Look through the data below for the line with "KENDARI, EDISIINDONESIA.id –" and the line with "但这件事还没完,又有网友发现", then transcribe exactly from the first through the second, leaving out all pictures.

====

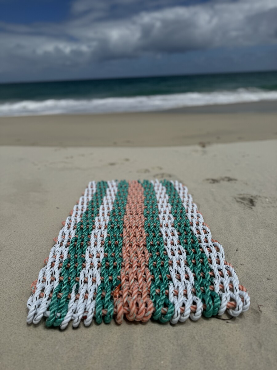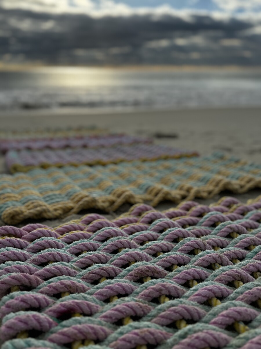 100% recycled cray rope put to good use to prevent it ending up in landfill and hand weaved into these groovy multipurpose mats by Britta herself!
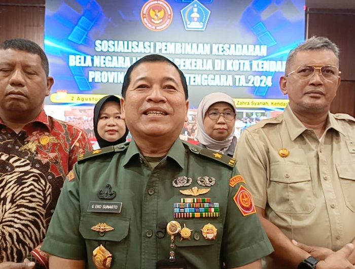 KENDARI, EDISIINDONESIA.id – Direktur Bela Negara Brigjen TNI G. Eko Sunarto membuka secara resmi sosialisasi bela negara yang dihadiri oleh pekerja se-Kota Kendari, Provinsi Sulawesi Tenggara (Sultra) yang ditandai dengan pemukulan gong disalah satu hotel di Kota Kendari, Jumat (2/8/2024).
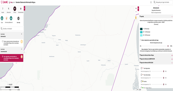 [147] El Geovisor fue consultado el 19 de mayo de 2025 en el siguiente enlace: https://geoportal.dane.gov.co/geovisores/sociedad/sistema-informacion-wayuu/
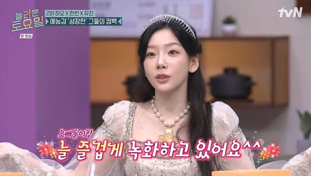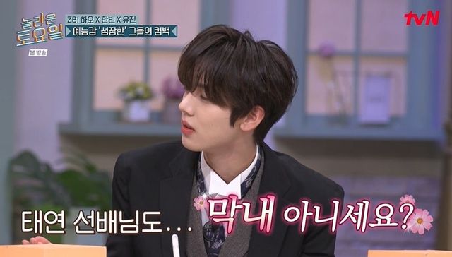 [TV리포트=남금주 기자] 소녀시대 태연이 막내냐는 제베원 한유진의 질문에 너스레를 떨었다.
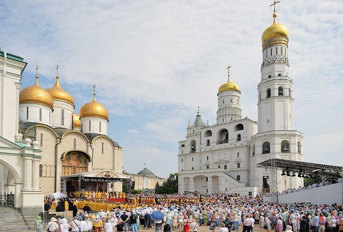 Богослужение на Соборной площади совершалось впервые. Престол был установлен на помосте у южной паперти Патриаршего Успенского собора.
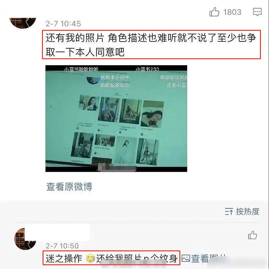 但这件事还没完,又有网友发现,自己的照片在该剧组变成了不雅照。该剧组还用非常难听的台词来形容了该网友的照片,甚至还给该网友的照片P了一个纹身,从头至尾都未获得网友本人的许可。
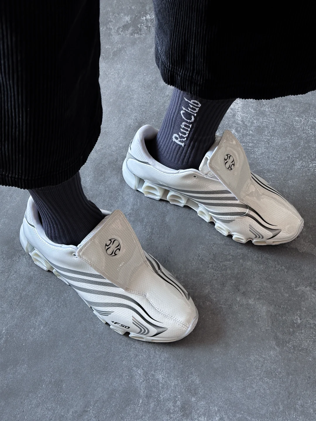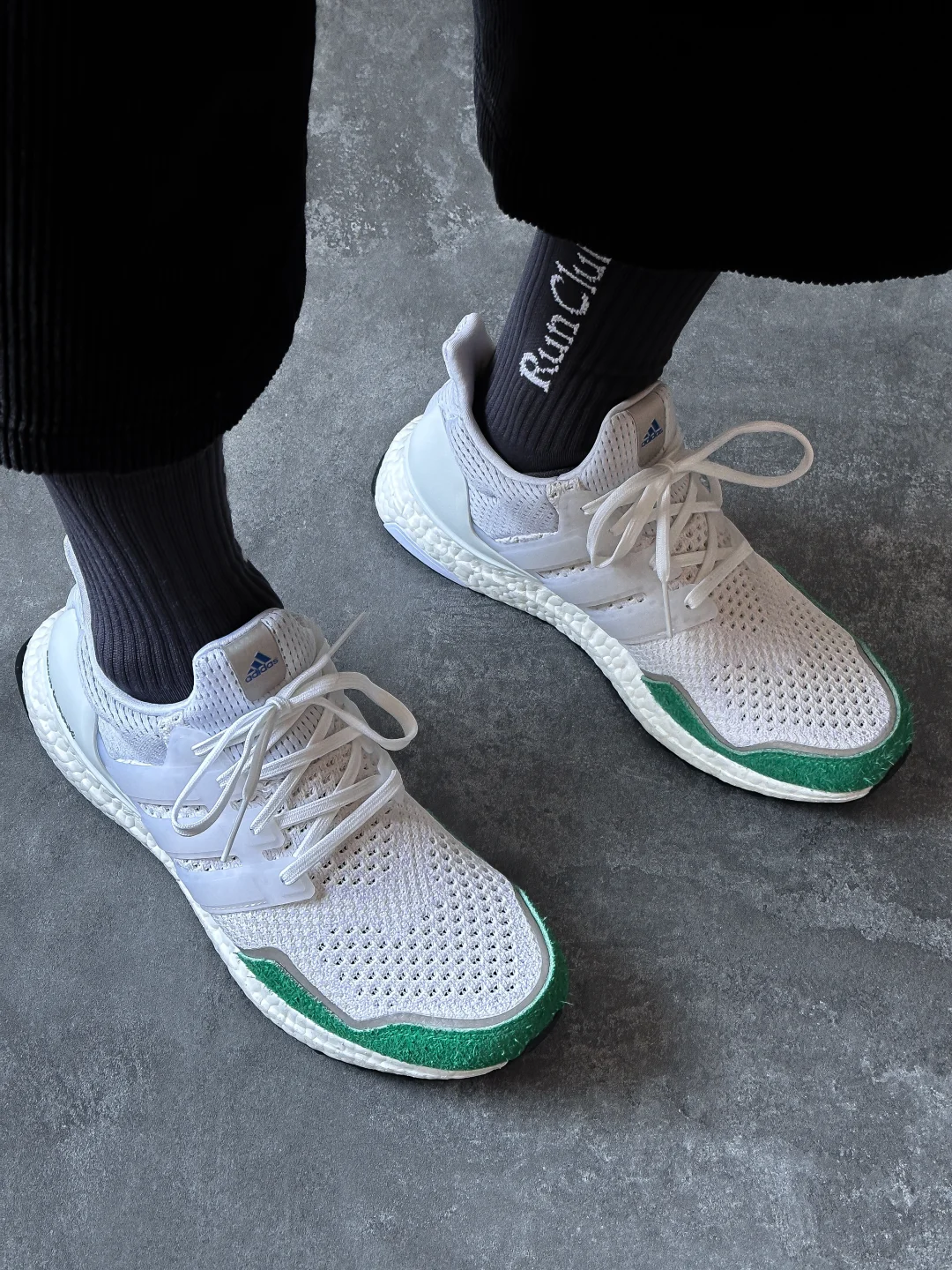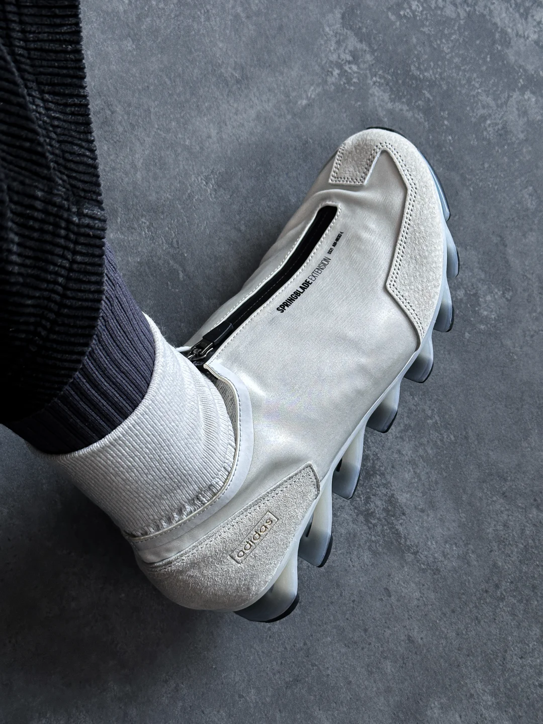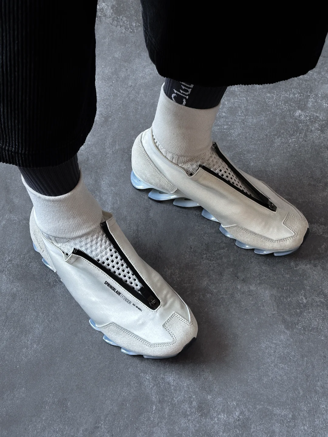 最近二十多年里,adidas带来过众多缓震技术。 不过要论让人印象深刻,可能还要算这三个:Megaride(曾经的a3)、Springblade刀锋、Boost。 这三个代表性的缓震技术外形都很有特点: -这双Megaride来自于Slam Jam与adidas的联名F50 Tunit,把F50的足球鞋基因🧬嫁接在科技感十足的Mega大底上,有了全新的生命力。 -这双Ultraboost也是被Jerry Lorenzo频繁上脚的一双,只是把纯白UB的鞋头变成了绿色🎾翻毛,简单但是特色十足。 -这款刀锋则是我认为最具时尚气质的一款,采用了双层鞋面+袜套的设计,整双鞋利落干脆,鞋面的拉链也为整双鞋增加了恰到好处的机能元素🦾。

====

* RESPONSE TO THE EXERCISE
 KENDARI, EDISIINDONESIA.id – Direktur Bela Negara Brigjen TNI G. Eko Sunarto membuka secara resmi sosialisasi bela negara yang dihadiri oleh pekerja se-Kota Kendari, Provinsi Sulawesi Tenggara (Sultra) yang ditandai dengan pemukulan gong disalah satu hotel di Kota Kendari, Jumat (2/8/2024).
 [147] El Geovisor fue consultado el 19 de mayo de 2025 en el siguiente enlace: https://geoportal.dane.gov.co/geovisores/sociedad/sistema-informacion-wayuu/
 [TV리포트=남금주 기자] 소녀시대 태연이 막내냐는 제베원 한유진의 질문에 너스레를 떨었다.
 Богослужение на Соборной площади совершалось впервые. Престол был установлен на помосте у южной паперти Патриаршего Успенского собора.
 但这件事还没完,又有网友发现,自己的照片在该剧组变成了不雅照。该剧组还用非常难听的台词来形容了该网友的照片,甚至还给该网友的照片P了一个纹身,从头至尾都未获得网友本人的许可。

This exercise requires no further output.